Segment Open

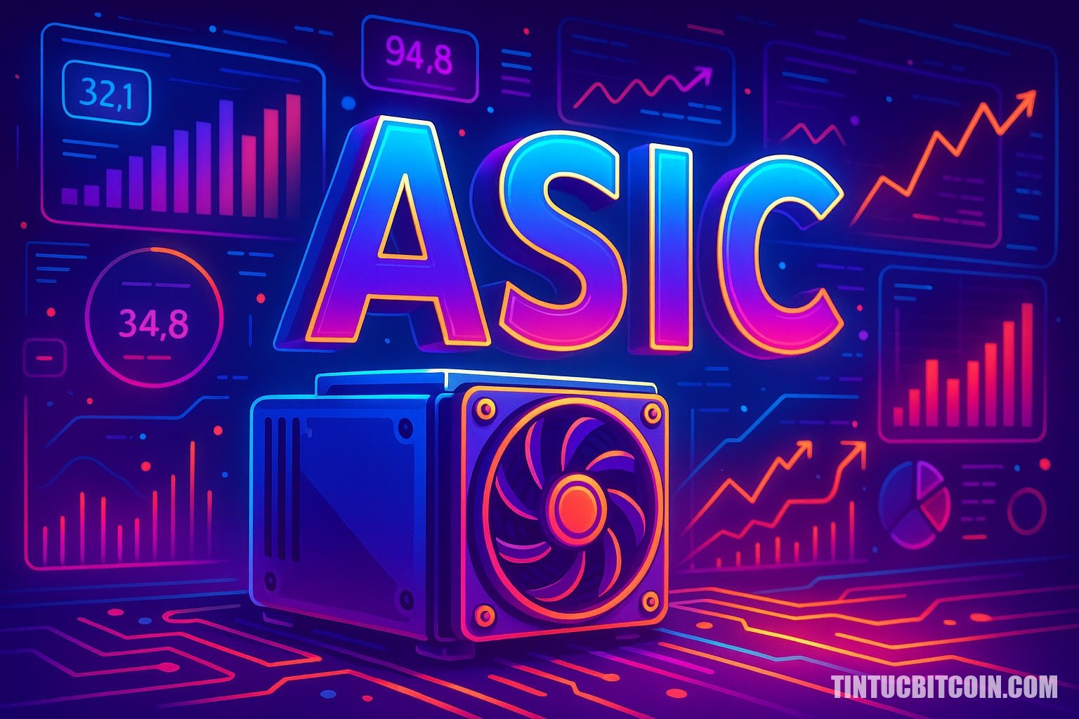 - ASIC là vi mạch chuyên dụng, tối ưu hóa hiệu suất cho một mục đích cụ thể như đào Bitcoin.
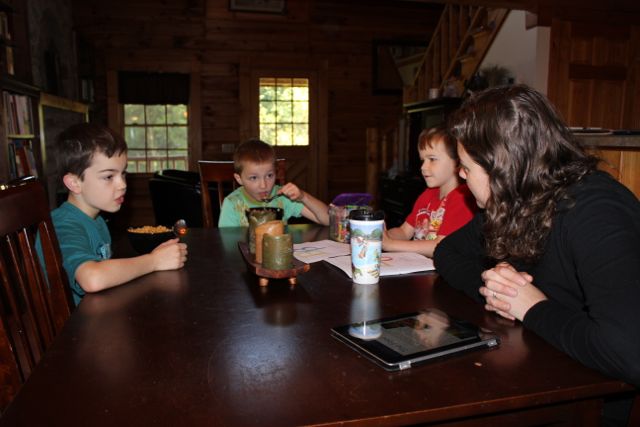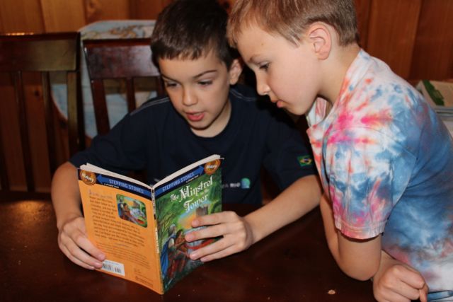 1:00 PM: David and I read The Making of a Knight together while Stephen listens. {Gary and Levi are out running errands now.}
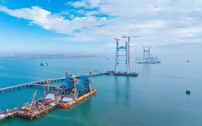 此次主塔建设任务面临 “海面精准吊装”与“复杂气象环境” 的双重考验:
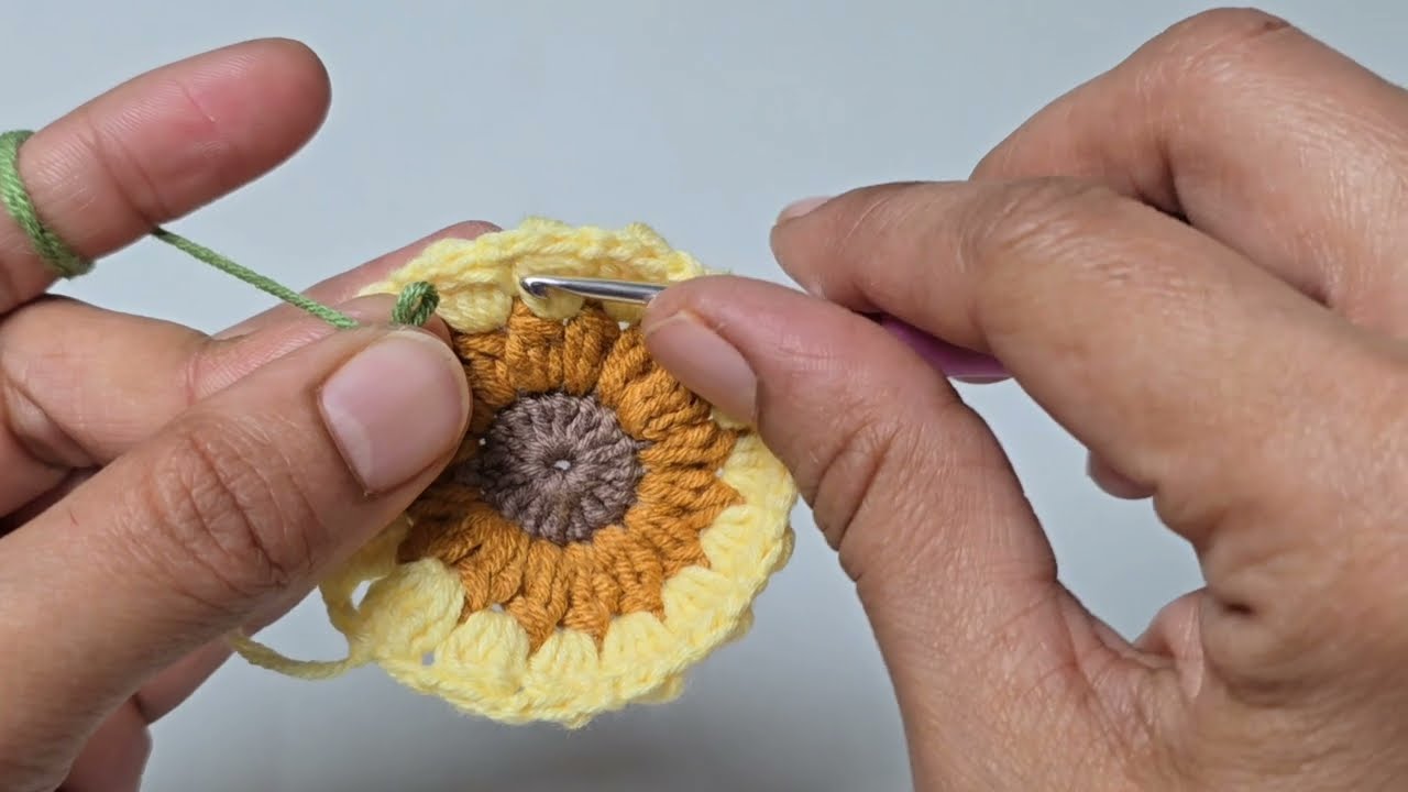 - Fasten Off: Cut your yarn and fasten off. This completes the dark center of your sunflower.
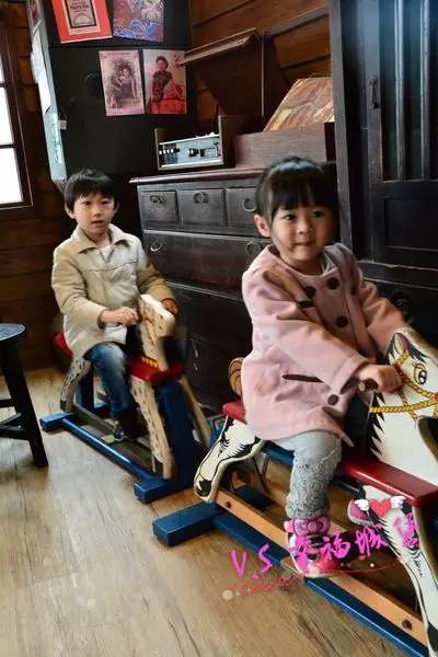 二隻氾黃的搖搖馬,是賢哥、喬妹的最愛。。
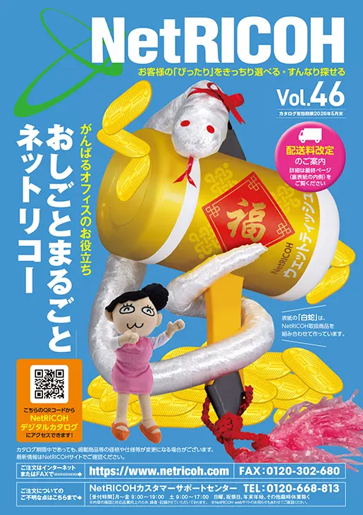 リコージャパン株式会社(社長執行役員:笠井 徹)は、総合インターネットサービス「NetRICOH(ネットリコー)」のオンラインショッピングで提供するOAサプライや文具・事務用品、オフィス生活用品、パソコン関連用品、事務機器など約25,000点を掲載したオフィス通販カタログ「NetRICOHカタログ Vol.46」を5月29日に発刊します。
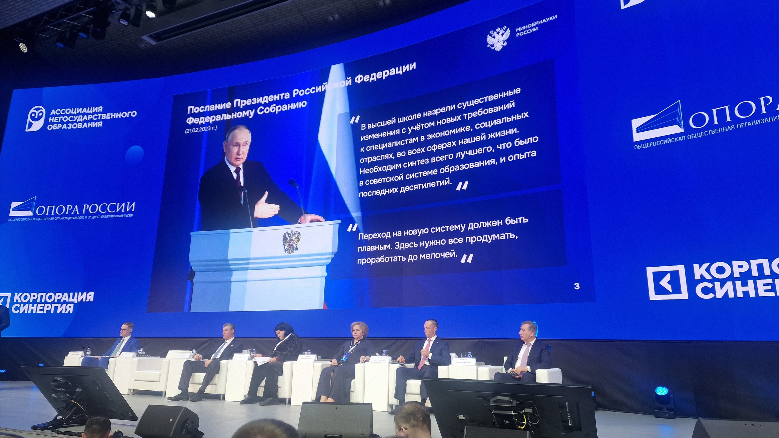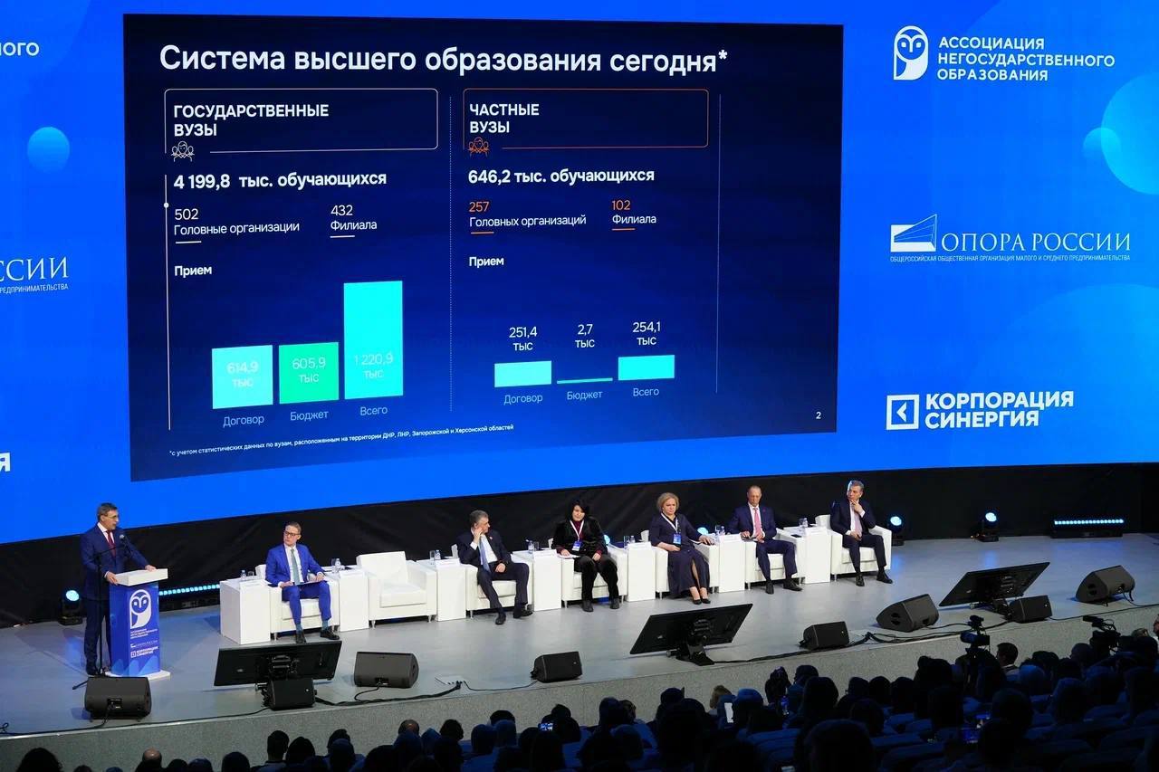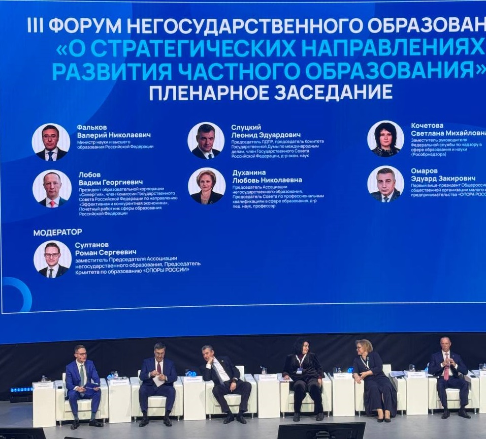 Пленарное заседание объединило первых лиц: министр науки и высшего образования РФ Валерий Фальков, заместитель руководителя Рособрнадзора Светлана Кочетова, председатель Ассоциации негосударственного образования Любовь Духанина, президент Корпорации «Синергия» Вадим Лобов, первый вице-президент «ОПОРЫ РОССИИ» Эдуард Омаров, Леонид Слуцкий.
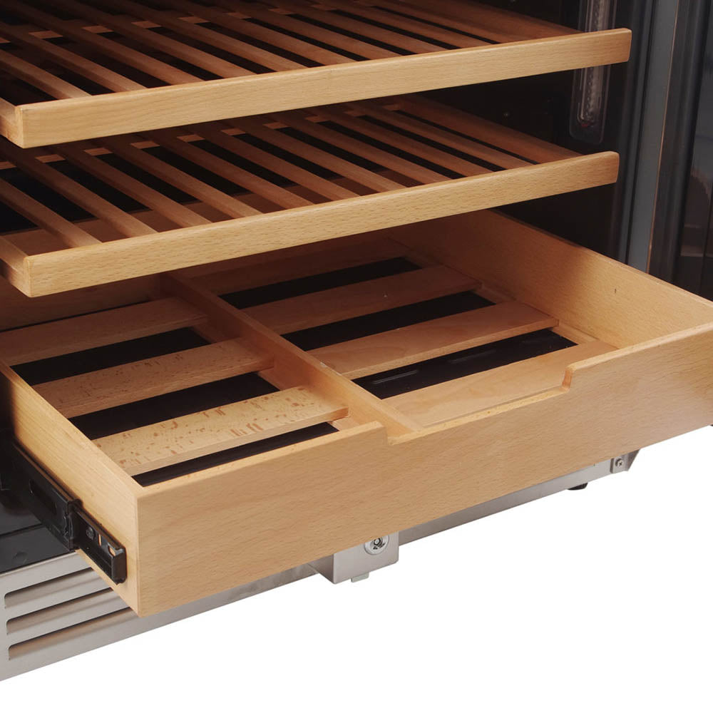 • FULL-EXTENSION RACKS - Full-extension smooth-glide wine racks allows for easy access to your prized vintage collection – the wood front give the metal racks a sleek, high-end design
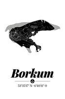 Borkum - het vakantie-eiland voor de kust van Oost-Friesland als decoratief kaartontwerp. Minimalistisch Designkaart voor Borkum-fans - het stijlvolle decoratie-idee, ook als cadeau.
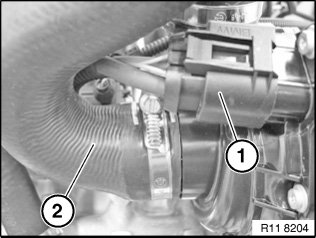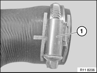 Hose clamps (1) must be installed in the centre of the marked area (see graphic).
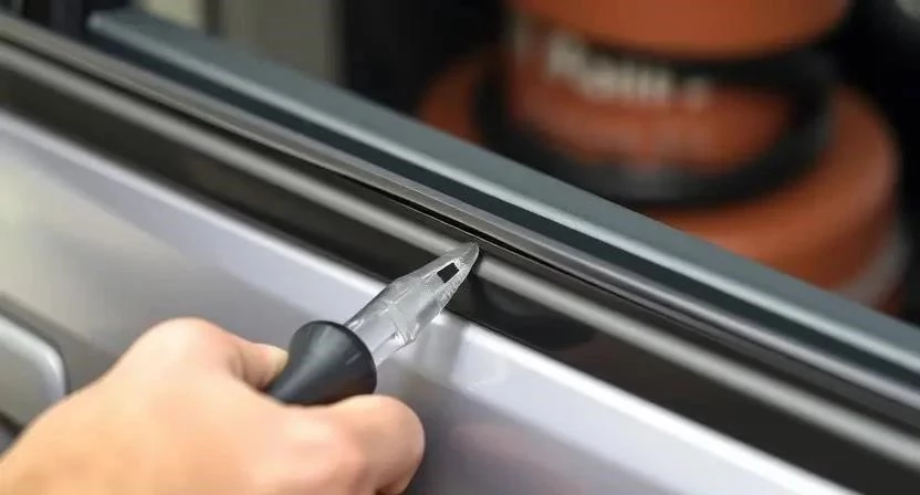 - Какие инструменты необходимы для замены уплотнителя? – Монтажный нож, пластиковые лопатки, очиститель обезжириватель, силиконовая смазка.
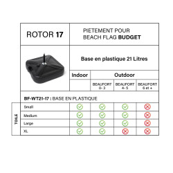 Vous souhaitez installer un Beach Flag à l'extérieur avec une base en plastique ? Veuillez vous reporter au tableau ci-contre pour voir les combinaisons possible en fonctions de vos contraintes environnementales.
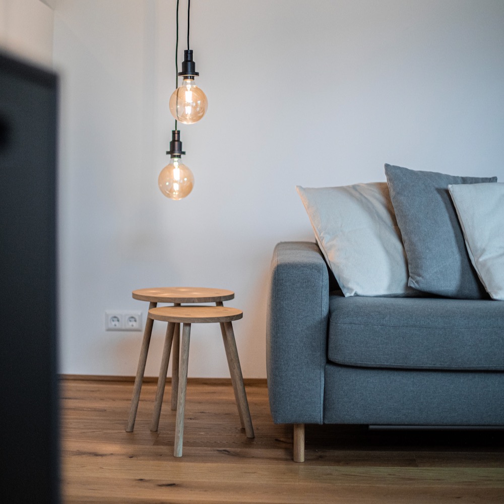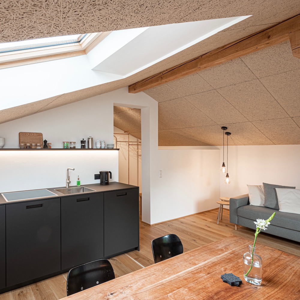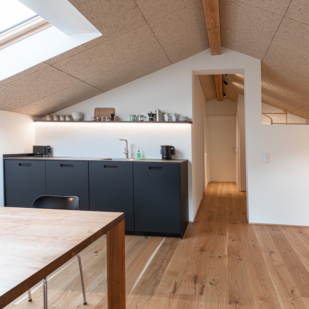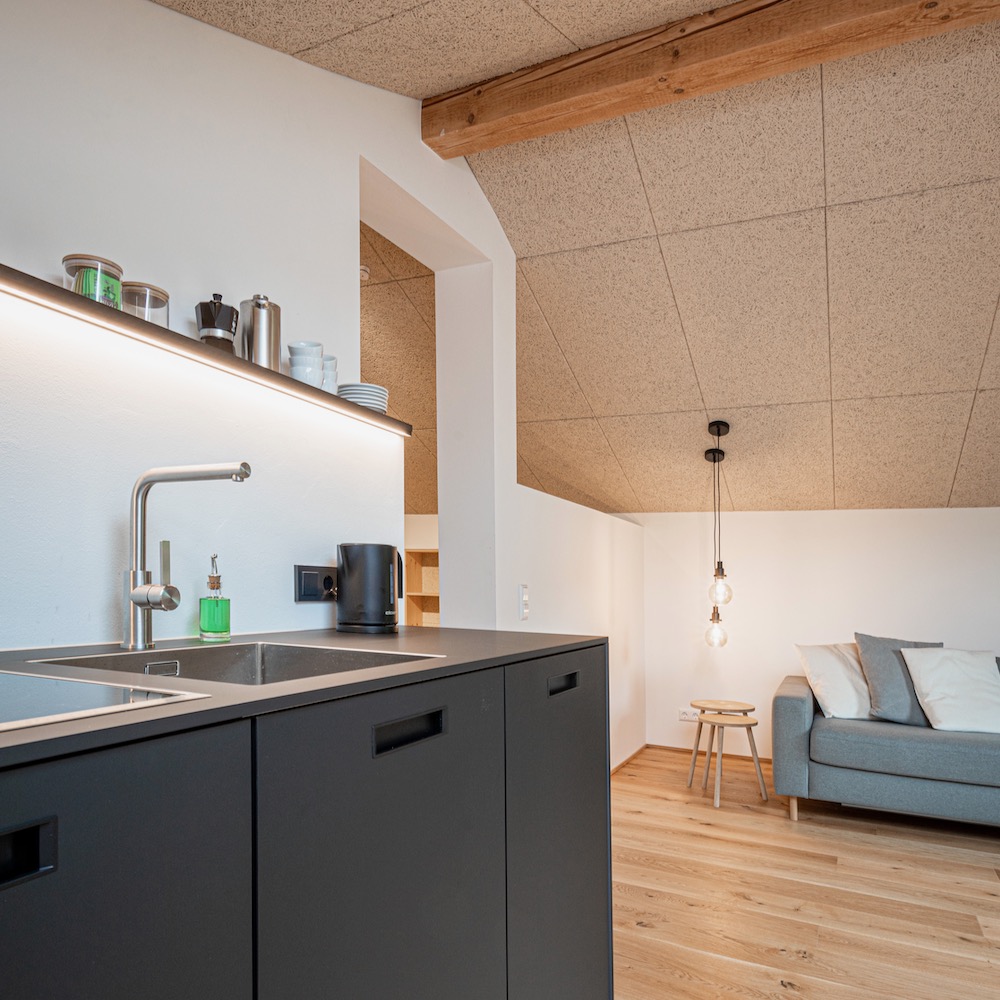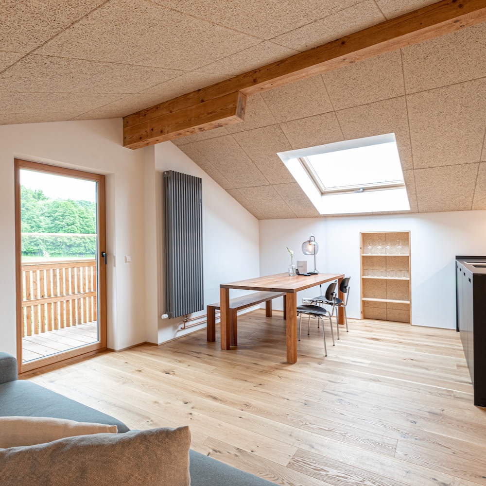 - Sternwarte: Für alle, die eine offene, loftartige Atmosphäre mit viel Glas und beeindruckender Aussicht lieben. Die großen Fenster der Zwei-Zimmer-Wohnung lassen die Natur sozusagen herein und verwöhnen dich bei Sonnenauf- und -untergang mit den schönsten Himmelsbildern.
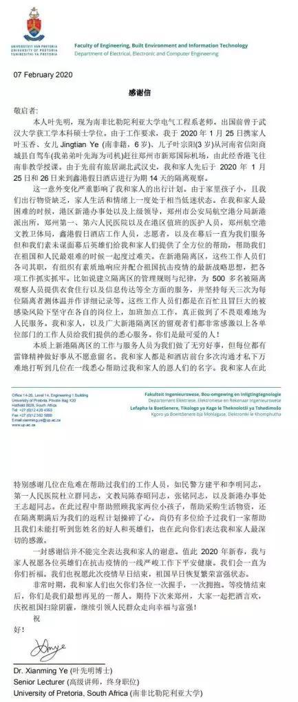 南非華人葉先明博士(現(xiàn)為南非比勒陀利亞大學(xué)電氣工程系高級講師)及家人在航空港鑫港假日酒店進(jìn)行14天的隔離觀察。期間,疫情防控工作人員的專業(yè)素養(yǎng)得到葉博士的贊許,在寫給鄭州航空港經(jīng)濟(jì)綜合實驗區(qū)的感謝信里,他飽含真情地這樣表達(dá):“各司其職,有組織有素質(zhì)地響應(yīng)并配合祖國抗擊疫情的最新戰(zhàn)略思想,把各項工作抓實抓牢。比如說建立隔離區(qū)的管理規(guī)則與紀(jì)律,為隔離觀察人員提供衣食住行及信息傳達(dá)等全方面服務(wù),堅持每天三次為隔離者測體溫并作詳細(xì)記錄等……” “我們多次溝通,才打聽到幾位幫助過我們的恩人的名字,他們是方建平、李明、杜立群、……還有好多沒有打聽到名字,他們冒著巨大風(fēng)險堅守在崗位上,不畏艱難地為人民服務(wù),大家都非常感激!” “我們會一直為他們祈福,祝愿疫情早日結(jié)束,期待下次來鄭州,大家一起把酒言歡慶祝祖國掃除陰霾,繼續(xù)引領(lǐng)人民群眾走向幸福與富強!”

Segment Closed

Both boundary lines included, write out word for word only the lines above from the one containing "- Какие инструменты" to the one containing "Vous souhaitez installer", leaving out any pictures.

**Solution to the exercise**
 - Какие инструменты необходимы для замены уплотнителя? – Монтажный нож, пластиковые лопатки, очиститель обезжириватель, силиконовая смазка.
 Vous souhaitez installer un Beach Flag à l'extérieur avec une base en plastique ? Veuillez vous reporter au tableau ci-contre pour voir les combinaisons possible en fonctions de vos contraintes environnementales.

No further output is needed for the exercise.